When Kentucky announces its plan Monday, it will join about a dozen other states that have launched formal efforts to end homelessness, according to the National Alliance to End Homelessness.

"There are places where I think there is progress," said Nan Roman, president of the national alliance.

But not everywhere.

Missouri announced its 10-year plan to end chronic homelessness in late 2003, but there has been little progress, said Karia Basta, executive director of that state's committee to end homelessness.

Louisville announced its plan in October 2002. The city's homeless population has increased since, Ward acknowledged.
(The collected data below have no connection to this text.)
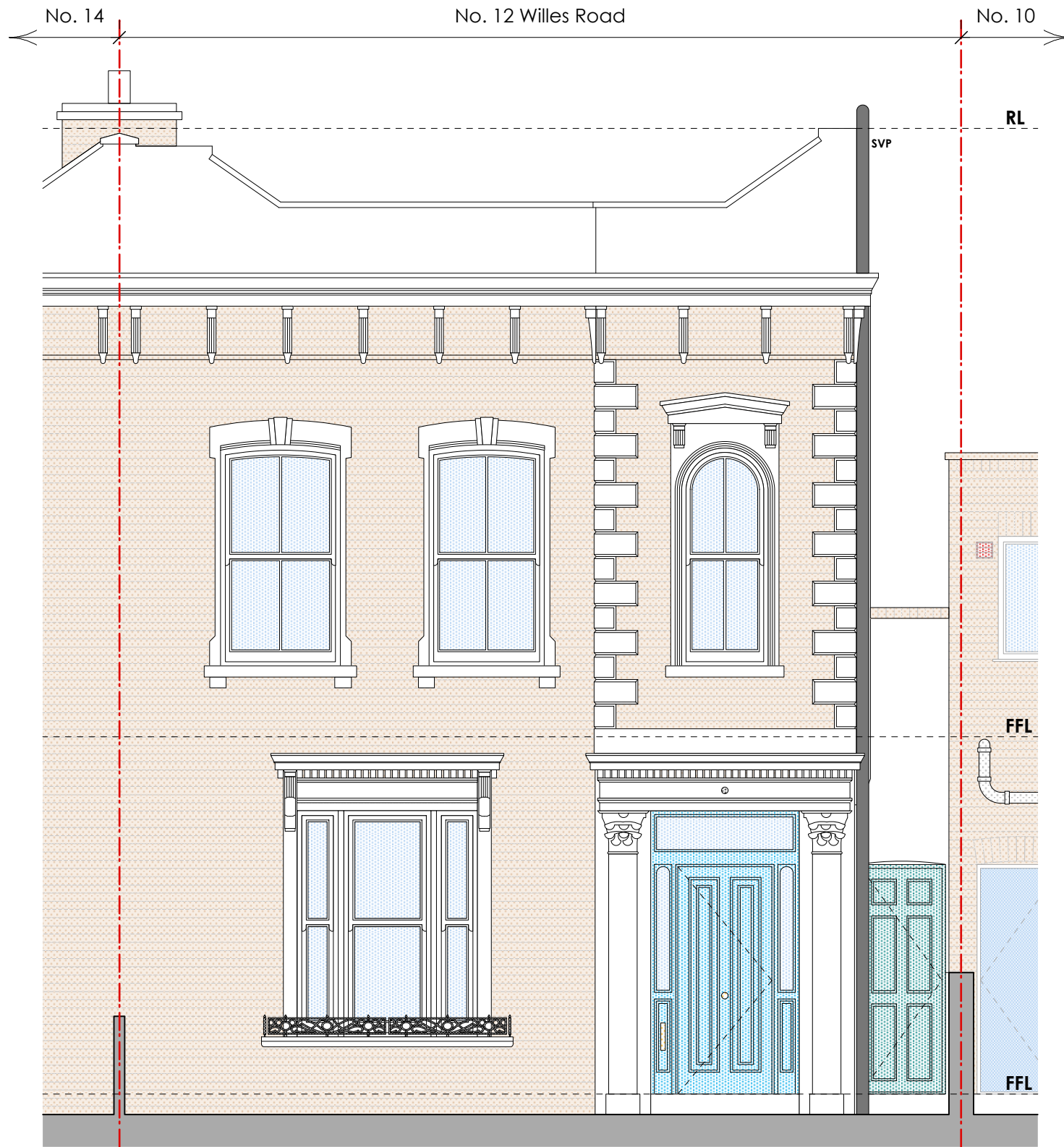
1 Existing Front Elevation scale: 1:50 @ A3
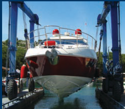
Vađenje i spuštanje plovila travel liftom Taking the boat out and putting it in the water with the travel lift
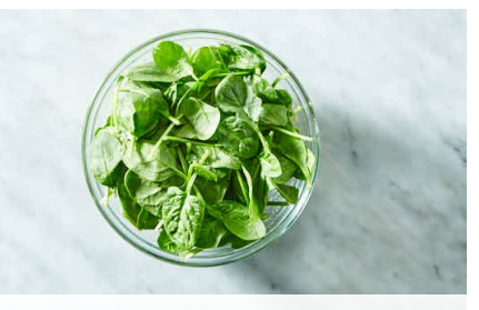
3. Make salad dressing

Meanwhile, in a small bowl, stir to combine mayonnaise and Sriracha .
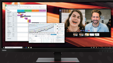
An eye – and ear – for detail

The P34w-20 kicks your work up a notch with outstanding visuals to show accurate colors from any angle. With WQHD 3440 x 1440 resolution, the monitor helps you capture even the smallest details while seeing true-to-life color with a 99% sRGB color calibration Delta E<2. Designed to impress, the 2 x 3W built-in speakers offer immersive audio that is true to your ears. The P34w-20 is also created with your health and comfort in mind, with eye-care and Natural Low Blue Light technology to reduce harmful high energy blue light emissions. Adjust the monitor height up to 150 mm to suit your ideal working style or position. Meanwhile, Lenovo ThinkColour 2 software allows you to easily and quickly adjust your screen settings with a simple click to enhance your work efficiency and optimize your monitor's extensive capabilities. Lenovo patented features, such as LAN on ThinkColour, show the network status from the screen to facilitate a more seamless workflow.
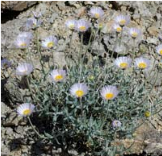
Mojave Aster ( Xylorhiza tortifolia )
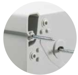
Multiple wall mounting options

But there have been results, including a bill passed in 2004 to create a pilot project to prevent homelessness by providing planning for people being released from some state institutions.

The state's 10-year plan calls on that project to be the model for other programs throughout Kentucky.

"If we had this plan in place and were able to accomplish what's set out, homelessness would change drastically," Ward said. "It would be reduced significantly."

Recommendations from Kentucky's Ten-Year Plan to End Chronic Homelessness
--Create more housing for the state's roughly 2,500 chronically homeless - people who have been homeless for more than a year or at least four times in the past three years.

--Add 1,000 transitional housing units and 2,400 permanent units with support services nearby or on-site, such as substance-abuse counseling.

--Develop programs for people at risk of homelessness who are leaving foster care, mental-health facilities or prison.

--Create an emergency fund to pay rent or mortgage payments and cover other expenses for people or families in jeopardy of becoming homeless.

--Broaden a state juvenile-justice program that offers young offenders alternatives to entering the juvenile-justice system.